This is the first in a series of regular posts that I’m calling ‘Recent Good Reads’ – because I read a lot – and I do like to talk about the books I read – but the only other adult in my house doesn’t share my passion for reading (I still love him, though) – so, congratulations(!) – you, dear readers will be subjected to my ramblings instead. (it’s an excessive hyphens sort of day)
Today’s book is The Hollow City by Dan Wells.
I got this book from my parents last Christmas and it’s been chillin’ on my shelf ever since (I did get a massive stack of books last Christmas and I make regular trips to the library so, you know, I have plenty of lame excuses). I read it as a reward for surviving NaNoWriMo. As I usually don’t do any reading during November, now I’m behind on my yearly goal of 50. I have ten more to go. Thank you GoodReads for helping me keep track (and reminding me that I’m six books behind and failing at life – so helpful of you).
I love Dan Wells’ books.
I’d never read anything in the horror genre, before picking up I Am Not A Serial Killer, but I’d been listening to the Writing Excuses podcast for awhile and wanted to check out his work. I loved I Am Not A Serial Killer, so I went and bought the rest of the series and loved those, too. And then there’s Partials – which is YA Sci-Fi (probably Stacy’s favorite genre). It’s awesome, you should read it – and Fragments is even better, so you should read that one, too.

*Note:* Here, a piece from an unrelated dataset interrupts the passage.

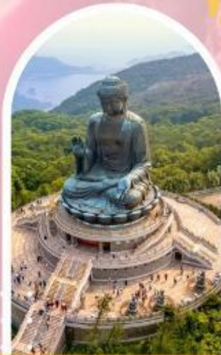
นั่งกระเช้ามองปิง นมัสการพระใหญ่โปวหลิน
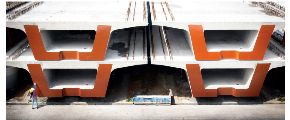
四公司合新铁路众兴制梁场作业人员粉刷油漆

启动仪式结束后,《人民日报》摄影部主任、高级记者、中国新闻摄影学会副会长雷声,《解放军画报》杂志社社长、中国摄影家协会副主席、中国摄影家协会第九届艺术摄影委员会主席柳

Dan Wells is meticulous. You can tell the man does his research and really thinks about the worlds he creates. And then he comes up with these wonderful, flawed characters (sociopaths, schizophrenics, androids) and he makes us care about them and root for them.
I don’t even know how to classify The Hollow City – sci-fi horror maybe?
I didn’t know if I was going to like it – and only vaguely recalled what it was about (too lazy to read the front cover blurb) – but I couldn’t put it down!
One of the things that makes this book interesting is that you have a completely unreliable narrator. The main character, Michael, has schizophrenia so as a reader, you’re really not sure what’s real and what isn’t. And his thought process is absolutely fascinating. I was convinced that his delusions were real and Mr. Wells presents Michael’s point of view in such a way that his delusions and reasons for believing them made perfect sense.
And then the plot went in some unexpected directions…hey, I like being able to figure stuff out before I get to the reveal, but I like not knowing, too.
Conclusion: Dan Wells just writes fantastic books. Go check this one out!